D-Flow: Differentiating through Flows for Controlled Generation

Heli Ben-Hamu,Omri Puny,Itai Gat,Brian Karrer,Uriel Singer,Yaron Lipman
2024-07-21
Abstract:Taming the generation outcome of state of the art Diffusion and Flow-Matching (FM) models without having to re-train a task-specific model unlocks a powerful tool for solving inverse problems, conditional generation, and controlled generation in general. In this work we introduce D-Flow, a simple framework for controlling the generation process by differentiating through the flow, optimizing for the source (noise) point. We motivate this framework by our key observation stating that for Diffusion/FM models trained with Gaussian probability paths, differentiating through the generation process projects gradient on the data manifold, implicitly injecting the prior into the optimization process. We validate our framework on linear and non-linear controlled generation problems including: image and audio inverse problems and conditional molecule generation reaching state of the art performance across all.
Machine Learning
What problem does this paper attempt to address?

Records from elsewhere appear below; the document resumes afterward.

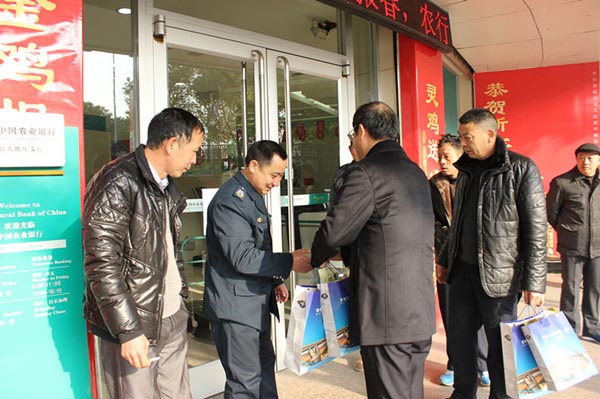 1月27日(年三十)晚上、1月28日(年初一)早上,公司董事长兼总经理仲明炎、总经理助理、驾校校长葛明亮、办公室主任兼工会主席杨珏等一行人,连续两天走访了县教育系统、金融系统、事业单位等20个派驻单位网点,代表公司向在春节期间依然坚守岗位,辛勤工作的员工致以新春的祝福,并送上了慰问品。
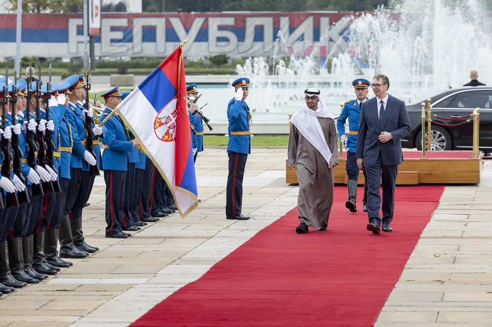 وكان صاحب السمو رئيس الدولة قد وصل في وقت سابق اليوم إلى مطار بلغراد حيث وكان في استقبال سموه فخامة الرئيس الصربي.
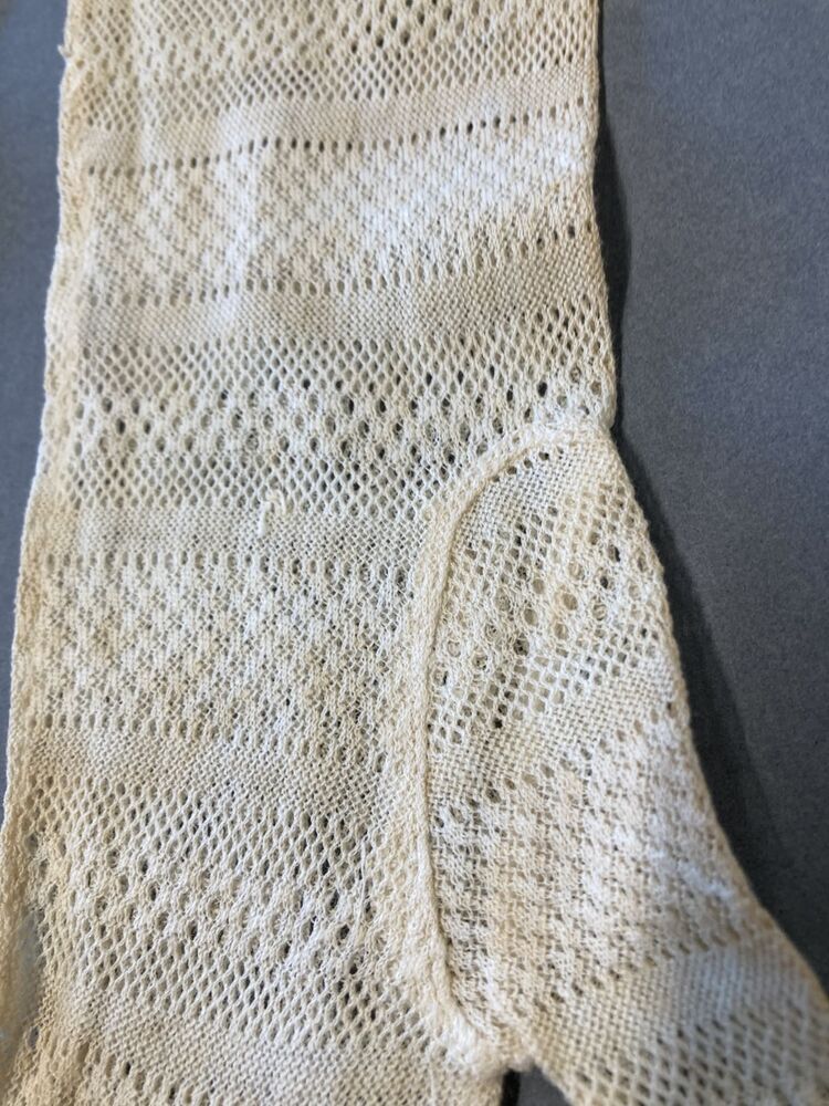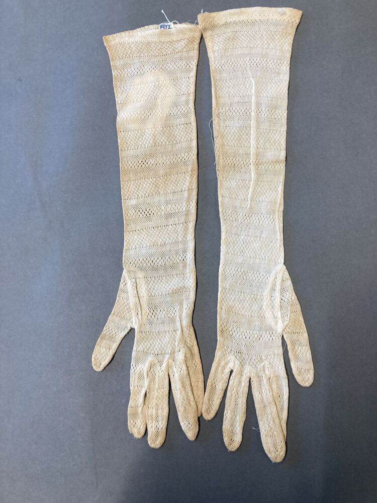 Paar witte katoenen machinaal gebreide handschoenen, twee soorten randen in de breedte
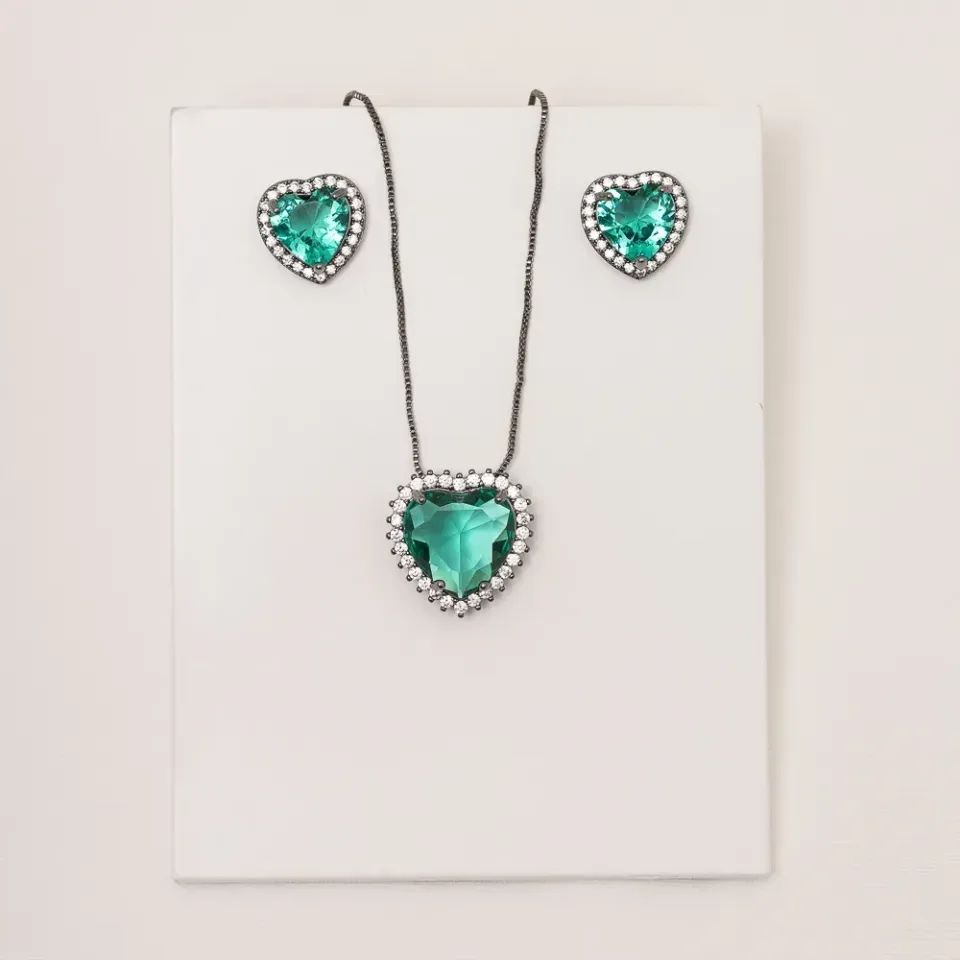 CONJUNTO CORAÇÃO COM PEDRA ZIRCÔNIA VERDE ESMERALDA BANHO RÓDIO NEGRO

### What problem does this paper attempt to solve? This paper aims to address the issue of controlled generation in generative models (especially diffusion models and flow matching models) without retraining specific task models. Specifically, the paper proposes a framework named **D-Flow** that optimizes the generation results by differentiating through the generative process. This method can be applied to various controlled generation tasks, including inverse problems in image and audio, as well as conditional molecule generation, achieving state-of-the-art performance in all applications. ### Main Contributions: 1. **Proposed Framework**: The paper introduces a framework based on differentiating through the generative process for controlled generation using pre-trained diffusion or flow matching models. 2. **Implicit Regularization**: It demonstrates that the optimization method through differentiating the generative process can inject an implicit prior, which helps project the gradients onto the data manifold. 3. **Wide Applicability**: Experiments show that this method performs excellently across multiple tasks in different domains, including image inverse problems, text-to-image generation, and molecule generation.